As far as I can tell, this premise is heavily predicated on the idea of instrumental convergence, which is a hypothesis that any sufficiently advanced intelligence will inevitably adopt certain intermediate goals or sub-goals that include self-preservation and self-improvement among other things. I find this hypothesis to be pretty tenuous to begin with: as I have previously written: the canonical arguments for it (from what I have read, which I admit may be not nearly enough to be able to represent this hypothesis adequately) really just boil down to the fact that it seems true to some people, e.g. the authors of the influential papers on the subject.

Consider human beings once more. Our intelligence certainly exceeds that of many if not all other species on our planet. And indeed, our actions have led to the extinction of many species—though I believe the vast majority of such cases have been unintentional. There are also many species we have not exterminated accidentally. And in modern times, we actively protect many species that we have identified as being in danger of extinction.

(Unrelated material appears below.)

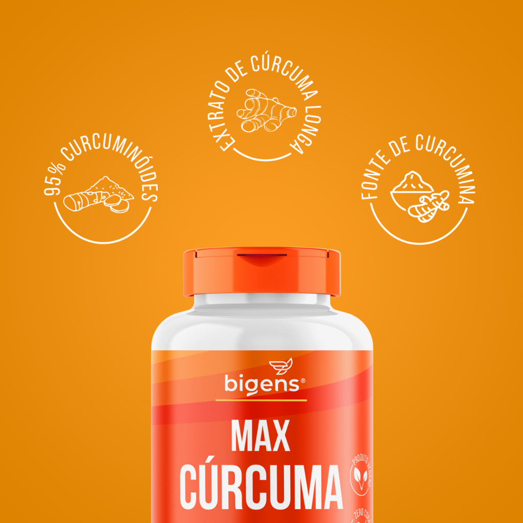 Max Cúrcuma Bigens traz todos os benefícios da Cúrcuma de uma maneira mais biodisponível. É um extrato hidrossolúvel otimizado e padronizado de Curcuma longa 95% curcuminóides, por isso, possui maior biodisponibilidade, bem como maior solubilidade em água. Por ser cerca de 9 vezes mais biodisponível do que a cúrcuma comum, há a possibilidade de redução da dose diária, facilitando assim o seu consumo.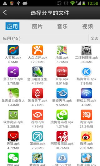 6、免流量分享手機照片、視頻、音樂、手機程序,分享給一個或多個好友;

If anything, as our capabilities have increased, our values have also evolved to be more compassionate towards other life forms. See the rise in popularity of vegetarianism/veganism, sustainability, biodiversity, and related values over time. As these ideas spread, it seems the limiting factor in their adoption is quite possibly our own intelligence: i.e. we don’t quite know how to achieve the levels of production our society requires without doing collateral damage to other life forms (and very often ourselves, directly or indirectly); but if we could figure it out, a harmonious existence with all life on Earth seems to be what most, or at least many of us, would prefer.

So: I am skeptical of any prediction about what values a future superintelligent AGI may have with respect to other life forms. To be clear I certainly believe it is possible that it would be indifferent towards humanity in a way that would be very bad for us; but this hardly seems guaranteed. I have a hunch that it might be more “friendly”, for lack of a better word, than many in the AI existential risk camp expect.

The only thing I believe with any significant conviction on this topic is that we simply don’t know.